I covered this in Levee 25 of the Quilt long ago and now this series will visit this in depth:

Hypoxia/pseudohypoxia.  Hypoxia is a cellular state that disrupts normal oxygen supply to the tissue (mitochondria), causing cellular dysfunction. Examples of this are altitude sickness at high elevations and clots in a blocked artery in an organ causing an organ to fail and die. Apoptosis and autophagy allow cells to adapt over their lifespan to many situations. Hypoxia is directly toxic to mitochondrial energy production via a lack of beta oxidation. In humans, when oxygen is in short supply we can shift to anaerobic energy production, but it is not as efficient as mitochondrial energy production. Athletes with proper training can perform well in anaerobic conditions but it does appear that they pay a steep price for this adaptation by depleting their stem cell supply.  The gateway in mitochondria for hypoxia is pseudohypoxia by blockade of pyruvate which sits atop the TCA cycle inside the matrix.  The gatekeeper of the creation of Acetyl-CoA from pyruvate is thiamine.  It is the major controller of substate movements in the matrix.  Blue light exposure and nnEMF cause hypoxia very commonly in a technocracy.  As thiamine drops, we simultaneously lose control of UCP-2 and this alters the matrix concentration of different hydrogen isotopes.


Thiamine deficiency causes a relative pseudohypoxia and is closely linked to heteroplasmy rate which is elevated in aging of tissues.  Coffee and polyphenols destroy thiamine levels.  As this occurs there is massive signaling to the SIRT system to affect mitochondrial biology.  Thiamine loss also increase oxalate issues for humans.   It also alters uric acid levels.  


As a consequence of pseudohypoxia, NAD+ levels drop and this funnels all the way back to how the aromatic amino acid tryptophan is catabolized in cells.  It has multiple pathways it can travel and the pathway chosen will lead to the cell's fate.  
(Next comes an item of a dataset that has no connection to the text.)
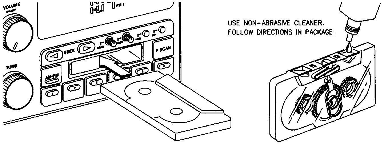 There are two parts that are cleaned on a tape player: the head and the capstan. Since they can be reached through the tape door, leave the tape player in the vehicle. This service should be performed every 15 hours of operation for best performance and every 50 hours of service to prevent damage to the tape head. To clean the head and capstan, use a cotton swab dipped in ordinary rubbing alcohol, or use a cleaning cassette. Do not contact the tape head with magnetized tools. If the head becomes magnetized, every cassette played in the player is degraded. No service is performed on the tapes and warranty of these tapes is handled by the cassette manufacturer, not by the dealer. Any test tape used by the dealer should be stored in its container to keep the tape clean. Store cassettes away from extreme heat or direct sunlight. When leaving the vehicle, cassettes may be left in auto-reverse tape players.

Hypoxia plays a role in aging because as one age the amount of blood to organs declines as the heart fails to deliver the same amount of blood through a stiffened arterial tree throughout the body. THIS IS A PROTECTIVE STATE FOR POOR MITOCHONDRIAL FUNCTION = higher heteroplasmy rate.
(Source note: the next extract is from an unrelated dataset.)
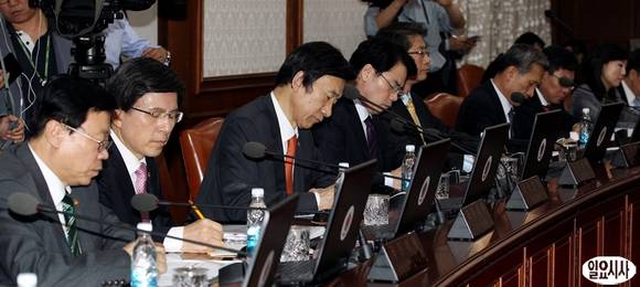 2일 오후 서울 세종로 정부서울청사에서 열린 국무회의에 참석한 국무위원들이 정홍원 총리의 모두발언을 경청하며 필기를 하고 있다.

This causes cellular oxygen levels to fall and usually is a signal to mitochondrial biogenesis to offset the deficits. As one age, this signaling system is not as accurate in sensing changes to the oxygen level. This can be measured in the pyruvate/lactate levels.  Low oxygen tension is a signal to autophagic pathways that normally help repair cells. If this gets impaired, signaling autophagy becomes less effective as we age and results in more organ failure and diseases of aging. Hypoxia is critical signaling in the cell for repair processes. This is disordered in heart disease and in sleep abnormalities such as sleep apnea.  Hypoxia decreases cell mass and improves leptin resistance by forcing a calorie restriction via a relative thiamine deficiency state.  This only operates well if the person remains in a strong solar environment.  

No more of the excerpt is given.